***** SOURCE DATA *****
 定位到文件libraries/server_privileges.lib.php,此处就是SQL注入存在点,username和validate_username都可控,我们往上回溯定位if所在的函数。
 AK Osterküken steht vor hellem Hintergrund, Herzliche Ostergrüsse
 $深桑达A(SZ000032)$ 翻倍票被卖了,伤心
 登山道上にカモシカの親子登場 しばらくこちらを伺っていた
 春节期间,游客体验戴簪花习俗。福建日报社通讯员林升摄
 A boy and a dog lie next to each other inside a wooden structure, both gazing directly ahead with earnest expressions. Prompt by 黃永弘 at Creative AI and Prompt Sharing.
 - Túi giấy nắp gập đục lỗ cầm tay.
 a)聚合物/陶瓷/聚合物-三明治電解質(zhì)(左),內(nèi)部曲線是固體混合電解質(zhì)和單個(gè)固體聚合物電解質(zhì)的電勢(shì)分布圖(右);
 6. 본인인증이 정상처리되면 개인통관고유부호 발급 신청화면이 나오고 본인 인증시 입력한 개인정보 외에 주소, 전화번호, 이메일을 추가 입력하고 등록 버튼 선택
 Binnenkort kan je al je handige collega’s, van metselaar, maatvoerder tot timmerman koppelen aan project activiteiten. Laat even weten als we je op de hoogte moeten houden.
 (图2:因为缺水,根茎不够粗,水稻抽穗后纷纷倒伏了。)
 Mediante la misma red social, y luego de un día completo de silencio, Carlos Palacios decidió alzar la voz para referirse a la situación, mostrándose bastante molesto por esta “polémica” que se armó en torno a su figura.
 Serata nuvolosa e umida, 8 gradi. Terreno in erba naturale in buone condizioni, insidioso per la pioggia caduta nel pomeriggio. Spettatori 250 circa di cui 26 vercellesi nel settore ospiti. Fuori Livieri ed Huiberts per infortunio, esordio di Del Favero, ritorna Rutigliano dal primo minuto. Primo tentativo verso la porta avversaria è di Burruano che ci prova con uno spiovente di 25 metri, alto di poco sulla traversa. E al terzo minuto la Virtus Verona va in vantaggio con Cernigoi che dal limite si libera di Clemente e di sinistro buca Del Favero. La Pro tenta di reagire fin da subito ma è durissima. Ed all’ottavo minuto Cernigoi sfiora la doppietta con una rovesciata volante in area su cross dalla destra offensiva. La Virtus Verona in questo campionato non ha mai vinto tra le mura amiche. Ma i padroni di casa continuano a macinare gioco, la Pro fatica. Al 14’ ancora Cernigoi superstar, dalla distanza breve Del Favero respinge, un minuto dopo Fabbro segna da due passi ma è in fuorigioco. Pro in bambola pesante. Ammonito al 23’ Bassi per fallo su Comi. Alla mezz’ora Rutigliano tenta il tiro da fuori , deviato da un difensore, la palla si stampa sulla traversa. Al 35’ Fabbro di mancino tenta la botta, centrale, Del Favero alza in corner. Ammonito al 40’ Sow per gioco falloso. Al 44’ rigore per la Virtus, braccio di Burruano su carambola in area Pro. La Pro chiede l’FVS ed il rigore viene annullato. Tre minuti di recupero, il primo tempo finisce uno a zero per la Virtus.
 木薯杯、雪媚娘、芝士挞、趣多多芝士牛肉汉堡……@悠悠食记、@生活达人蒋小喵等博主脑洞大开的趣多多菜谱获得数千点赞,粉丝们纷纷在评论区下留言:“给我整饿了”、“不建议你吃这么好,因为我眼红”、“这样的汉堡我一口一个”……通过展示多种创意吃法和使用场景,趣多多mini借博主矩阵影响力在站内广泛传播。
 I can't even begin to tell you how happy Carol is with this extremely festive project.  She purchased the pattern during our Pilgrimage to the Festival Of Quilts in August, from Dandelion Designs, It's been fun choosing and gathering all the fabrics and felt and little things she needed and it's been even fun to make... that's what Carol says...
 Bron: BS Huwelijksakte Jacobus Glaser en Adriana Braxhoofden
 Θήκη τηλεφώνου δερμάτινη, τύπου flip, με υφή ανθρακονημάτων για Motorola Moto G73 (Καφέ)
*****
* YOUR TASK:
Going through the entries above line by line, work out how many lines include the word "project". Only the number is required.

* OUTPUT OF THE EXERCISE:
2